Computational Neuroimaging Group (CNG), School of Medicine, Trinity College Dublin, Dublin, D02 RS90, Ireland.
Department of Neurology, St James's Hospital, Dublin, Ireland.
J Neurol. 2023 Sep;270(9):4235-4247. doi: 10.1007/s00415-023-11764-5. Epub 2023 May 13.
The characterisation of presymptomatic disease-burden patterns in asymptomatic mutation carriers has a dual academic and clinical relevance. The understanding of disease propagation mechanisms is of considerable conceptual interests, and defining the optimal time of pharmacological intervention is essential for improved clinical trial outcomes.
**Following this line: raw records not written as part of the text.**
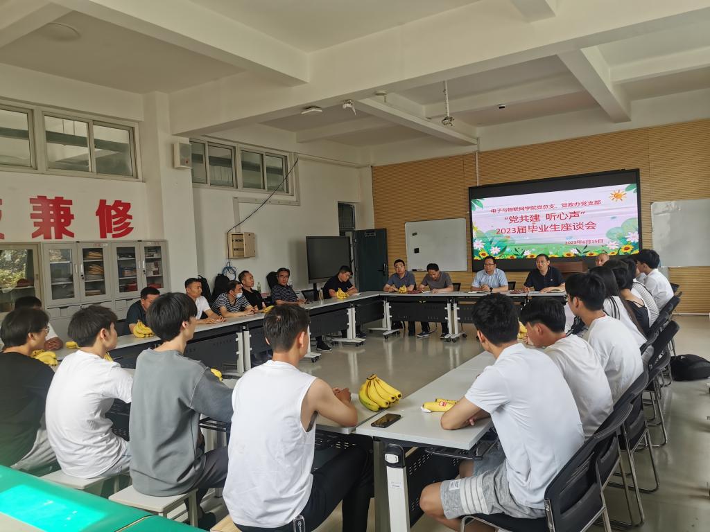 为进一步深入贯彻全国职业教育大会精神和《中共k1体育委员会关于开展基层党支部“1+1”互融共建活动的通知》,6月15日下午,k1体育与党政办党支部在机电楼405联合组织开展“党共建 听心声”2023届毕业生座谈会。公司党总支书记王东辉、副书记孙德胜,党政办副主任曾凤括、张宇,教师代表及23届毕业生代表参加座谈会,会议由副书记孙德胜主持。
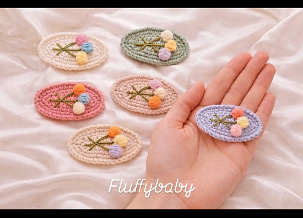 Nakışlı çiçek desenli, pastel renklerde örgü çocuk saç tokaları. Bohem tarz için uygun. Marka: Fluffybaby
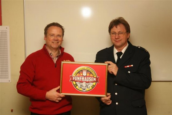 Da die aktiven Kameraden der FF Fünfhausen alle nicht die künstlerische Ader haben, wurde das Wappen durch einen Kameraden der Ehrenabteilung entworfen und produziert. Am Dienstag den 21.11.2006 wurde dieses Wappen dann vom Ehrenabteilungskameraden Kay Tofern, der eine Werbegestaltungsfirma besitzt, an den Wehrführer Hugo Jahn in einem feierlichen Akt übergeben.

In a prospective, multimodal neuroimaging study, 22 asymptomatic C9orf72 GGGGCC hexanucleotide repeat carriers, 13 asymptomatic subjects with SOD1, and 54 "gene-negative" ALS kindreds were enrolled. Cortical and subcortical grey matter alterations were systematically appraised using volumetric, morphometric, vertex, and cortical thickness analyses. Using a Bayesian approach, the thalamus and amygdala were further parcellated into specific nuclei and the hippocampus was segmented into anatomically defined subfields.
Asymptomatic GGGGCC hexanucleotide repeat carriers in C9orf72 exhibited early subcortical changes with the preferential involvement of the pulvinar and mediodorsal regions of the thalamus, as well as the lateral aspect of the hippocampus. Volumetric approaches, morphometric methods, and vertex analyses were anatomically consistent in capturing focal subcortical changes in asymptomatic C9orf72 hexanucleotide repeat expansion carriers. SOD1 mutation carriers did not exhibit significant subcortical grey matter alterations. In our study, none of the two asymptomatic cohorts exhibited cortical grey matter alterations on either cortical thickness or morphometric analyses.
The presymptomatic radiological signature of C9orf72 is associated with selective thalamic and focal hippocampal degeneration which may be readily detectable before cortical grey matter changes ensue. Our findings confirm selective subcortical grey matter involvement early in the course of C9orf72-associated neurodegeneration.
无症状突变携带者的无症状疾病负担模式的特征具有双重学术和临床意义。了解疾病传播机制具有重要的概念意义,而确定药物干预的最佳时间对于改善临床试验结果至关重要。
在一项前瞻性的多模态神经影像学研究中,纳入了 22 名无症状 C9orf72 GGGGCC 六核苷酸重复携带者、13 名无症状 SOD1 患者和 54 名“基因阴性”ALS 家族。使用体积、形态、顶点和皮质厚度分析系统评估皮质和皮质下灰质改变。使用贝叶斯方法,进一步将丘脑和杏仁核分割成特定核,并将海马体分割成解剖定义的亚区。
无症状 C9orf72 中的 GGGGCC 六核苷酸重复携带者表现出早期的皮质下变化,丘脑的苍白球和中背侧区域以及海马体的外侧区域优先受累。体积方法、形态方法和顶点分析在捕获无症状 C9orf72 六核苷酸重复扩展携带者的局灶性皮质下变化方面具有解剖一致性。SOD1 突变携带者没有表现出明显的皮质下灰质改变。在我们的研究中,两个无症状队列都没有在皮质厚度或形态分析上表现出皮质灰质改变。
C9orf72 的无症状放射学特征与选择性丘脑和局灶性海马体变性相关,这可能在皮质灰质变化之前就很容易检测到。我们的研究结果证实了 C9orf72 相关神经退行性变早期选择性皮质下灰质受累。